» **DATA IN THIS EXERCISE**:
--- START ---

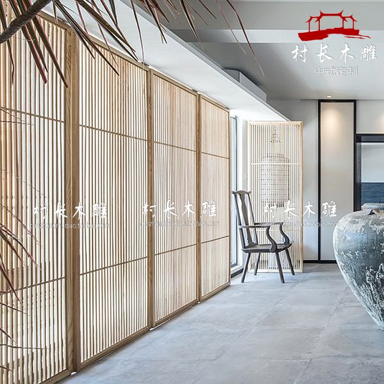 Wood carved flower lattice partition Xuanguan shielded decorative seat screen Chinese imitation ancient hollowed-out solid wood folding mobile grille screen
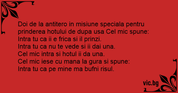 Doi de la antitero in misiune speciala pentru prinderea hotului de dupa usa Cel mic spune:
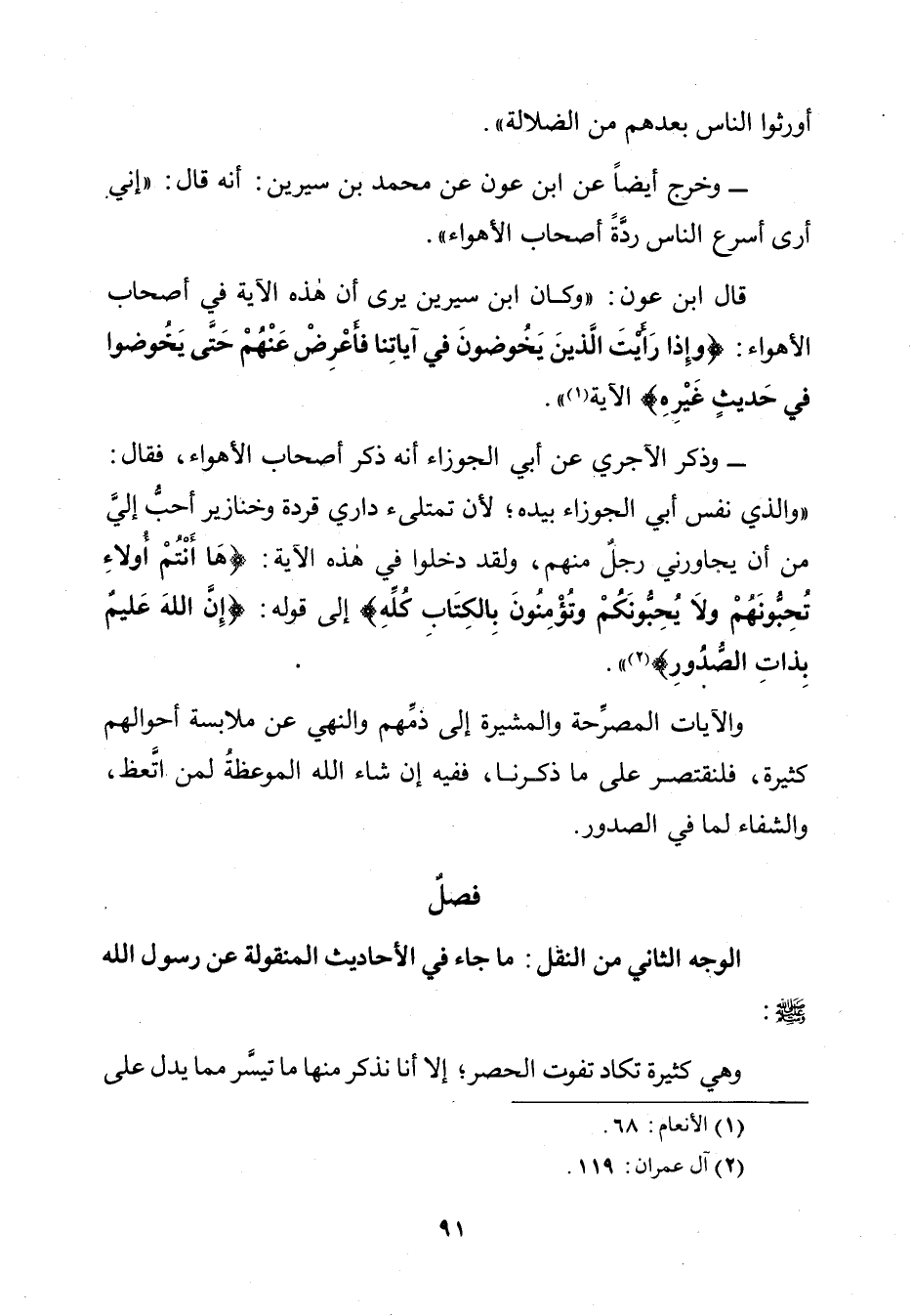 قَالَ ابْنُ عَوْنٍ: " وَكَانَ ابْنُ سِيرِينَ يَرَى أَنَّ هَذِهِ الْآيَةَ فِي أَصْحَابِ الْأَهْوَاءِ: {وَإِذَا رَأَيْتَ الَّذِينَ يَخُوضُونَ فِي آيَاتِنَا فَأَعْرِضْ عَنْهُمْ حَتَّى يَخُوضُوا فِي حَدِيثٍ غَيْرِهِ} [الأنعام: 68].
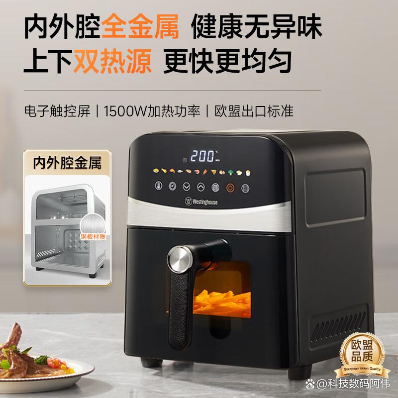 这款推荐给预算稍微充足,且对健康材质有极高要求的朋友。市面上几百块的炸锅内胆多是塑料加涂层,高温下总让人有点心理负担。西屋这款直接用了全金属内腔,耐用性和安全性拉满,而且完全没有塑料异味。它的容量是6L,同样支持免翻面功能。最让我觉得贴心的是它的控温非常精准,做那种对温度敏感的低温慢烤牛排也能胜任。虽然价格比前两款稍贵,但如果你是那种买一个家电打算用好几年的人,它的做工质感绝对物超所值。
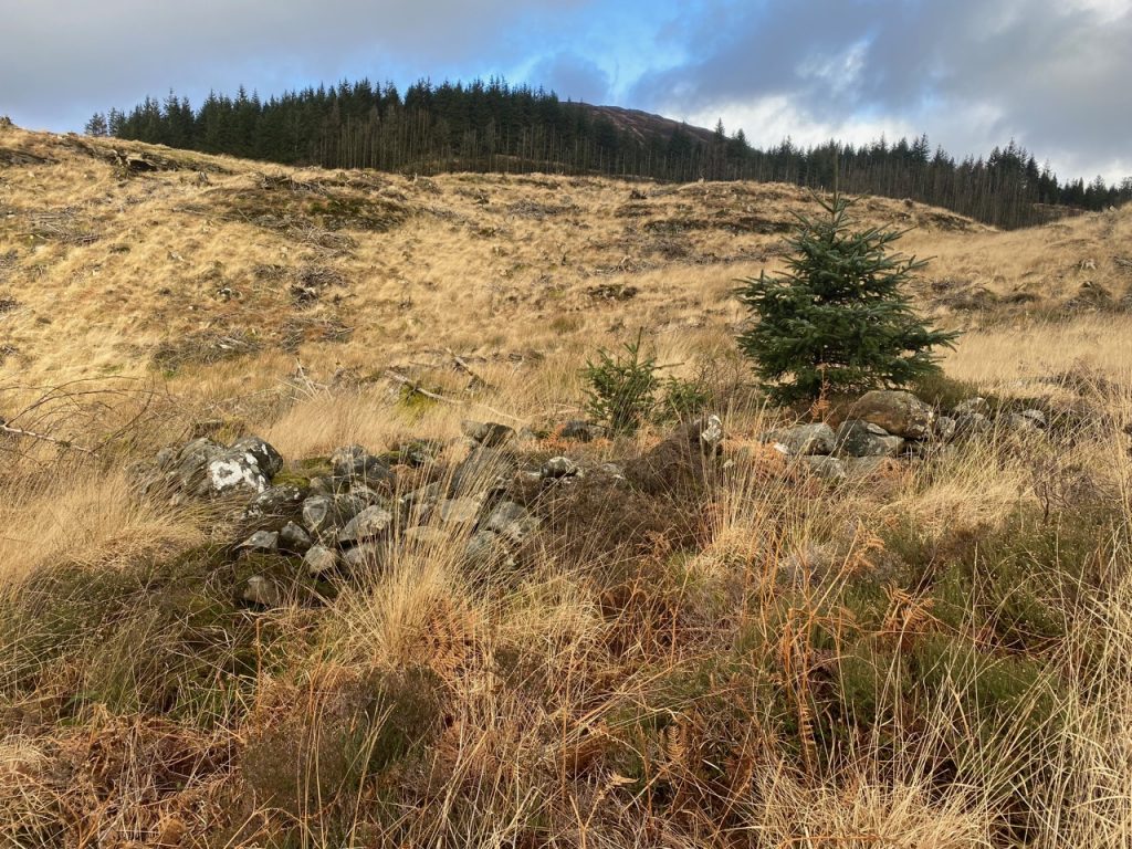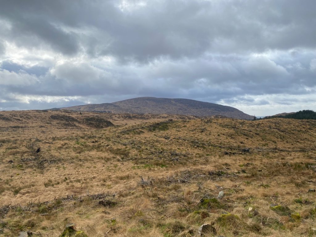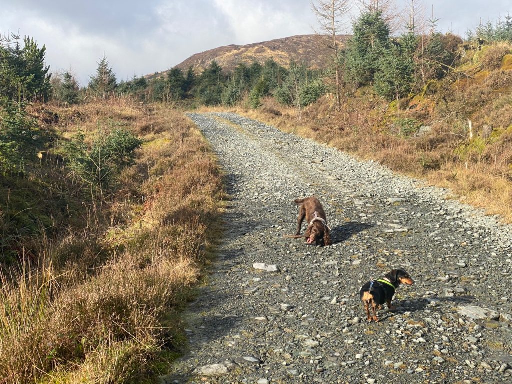 Having squelched back up the saturated track we stepped back onto the well drained forestry track and decided to see where that track went. We could see it went further than is marked on the map. It looks to have been recently built, presumably for felling the forest on Tonderghie Hill. It winds through what was once forest but is now reverting to moorland. It looks to have earned its wilderness badge.

--- END ---

» **PROBLEM REQUIREMENTS**:
Look above for the line with "Doi de la antitero" and the line with "وَكَانَ ابْنُ سِيرِينَ". Give again exactly those two lines and all lines between them, pictures excluded.

» **ANSWER TO THE PROBLEM**:
 Doi de la antitero in misiune speciala pentru prinderea hotului de dupa usa Cel mic spune:
 قَالَ ابْنُ عَوْنٍ: " وَكَانَ ابْنُ سِيرِينَ يَرَى أَنَّ هَذِهِ الْآيَةَ فِي أَصْحَابِ الْأَهْوَاءِ: {وَإِذَا رَأَيْتَ الَّذِينَ يَخُوضُونَ فِي آيَاتِنَا فَأَعْرِضْ عَنْهُمْ حَتَّى يَخُوضُوا فِي حَدِيثٍ غَيْرِهِ} [الأنعام: 68].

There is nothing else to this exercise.